** Exercise goal **
Only the lines below from the one containing "Der Mahagonikorpus der" through the one containing "Les câbles Nexans" belong in the answer, set down exactly, with the pictures left out.

** Dataset records **
******************************

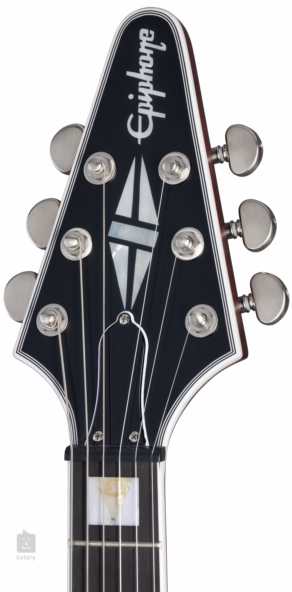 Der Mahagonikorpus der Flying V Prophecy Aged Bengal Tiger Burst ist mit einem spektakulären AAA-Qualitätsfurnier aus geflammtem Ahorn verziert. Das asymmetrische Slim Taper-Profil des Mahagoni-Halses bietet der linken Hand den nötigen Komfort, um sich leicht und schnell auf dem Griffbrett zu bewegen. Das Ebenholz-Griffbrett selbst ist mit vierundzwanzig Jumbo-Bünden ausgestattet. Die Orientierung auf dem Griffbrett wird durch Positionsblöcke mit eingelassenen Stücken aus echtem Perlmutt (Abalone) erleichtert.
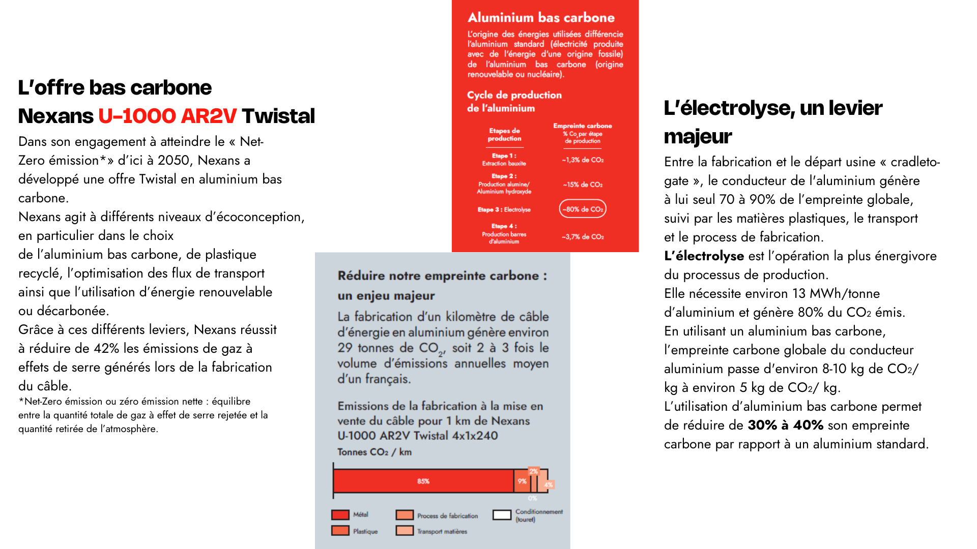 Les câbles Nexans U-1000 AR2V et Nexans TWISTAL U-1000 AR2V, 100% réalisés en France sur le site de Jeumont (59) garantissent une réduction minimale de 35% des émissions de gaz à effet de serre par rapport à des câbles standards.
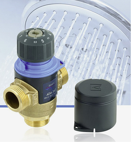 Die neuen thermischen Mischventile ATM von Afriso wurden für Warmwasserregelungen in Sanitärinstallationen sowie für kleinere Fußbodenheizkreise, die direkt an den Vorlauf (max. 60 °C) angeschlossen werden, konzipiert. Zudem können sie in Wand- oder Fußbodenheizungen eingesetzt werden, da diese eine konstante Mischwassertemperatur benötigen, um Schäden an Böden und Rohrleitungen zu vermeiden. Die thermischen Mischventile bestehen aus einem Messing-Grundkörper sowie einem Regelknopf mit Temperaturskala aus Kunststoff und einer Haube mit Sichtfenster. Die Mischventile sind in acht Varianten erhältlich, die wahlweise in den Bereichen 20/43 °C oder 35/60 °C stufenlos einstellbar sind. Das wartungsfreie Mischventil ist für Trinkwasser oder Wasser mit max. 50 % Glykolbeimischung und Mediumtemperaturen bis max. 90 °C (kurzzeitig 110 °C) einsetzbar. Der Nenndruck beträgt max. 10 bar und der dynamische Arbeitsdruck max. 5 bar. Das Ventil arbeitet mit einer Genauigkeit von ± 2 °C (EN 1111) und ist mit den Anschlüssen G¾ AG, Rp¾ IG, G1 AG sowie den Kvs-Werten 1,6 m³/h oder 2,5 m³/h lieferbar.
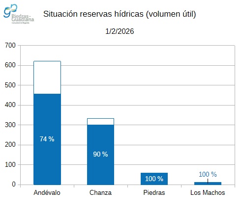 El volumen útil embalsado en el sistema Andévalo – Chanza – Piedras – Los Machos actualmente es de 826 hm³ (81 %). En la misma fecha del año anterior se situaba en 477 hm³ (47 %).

******************************

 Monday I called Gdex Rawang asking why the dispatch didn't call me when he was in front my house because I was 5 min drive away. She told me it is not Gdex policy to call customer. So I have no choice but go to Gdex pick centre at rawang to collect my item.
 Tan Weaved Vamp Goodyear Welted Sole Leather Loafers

******************************

** Response to this exercise **
 Der Mahagonikorpus der Flying V Prophecy Aged Bengal Tiger Burst ist mit einem spektakulären AAA-Qualitätsfurnier aus geflammtem Ahorn verziert. Das asymmetrische Slim Taper-Profil des Mahagoni-Halses bietet der linken Hand den nötigen Komfort, um sich leicht und schnell auf dem Griffbrett zu bewegen. Das Ebenholz-Griffbrett selbst ist mit vierundzwanzig Jumbo-Bünden ausgestattet. Die Orientierung auf dem Griffbrett wird durch Positionsblöcke mit eingelassenen Stücken aus echtem Perlmutt (Abalone) erleichtert.
 Les câbles Nexans U-1000 AR2V et Nexans TWISTAL U-1000 AR2V, 100% réalisés en France sur le site de Jeumont (59) garantissent une réduction minimale de 35% des émissions de gaz à effet de serre par rapport à des câbles standards.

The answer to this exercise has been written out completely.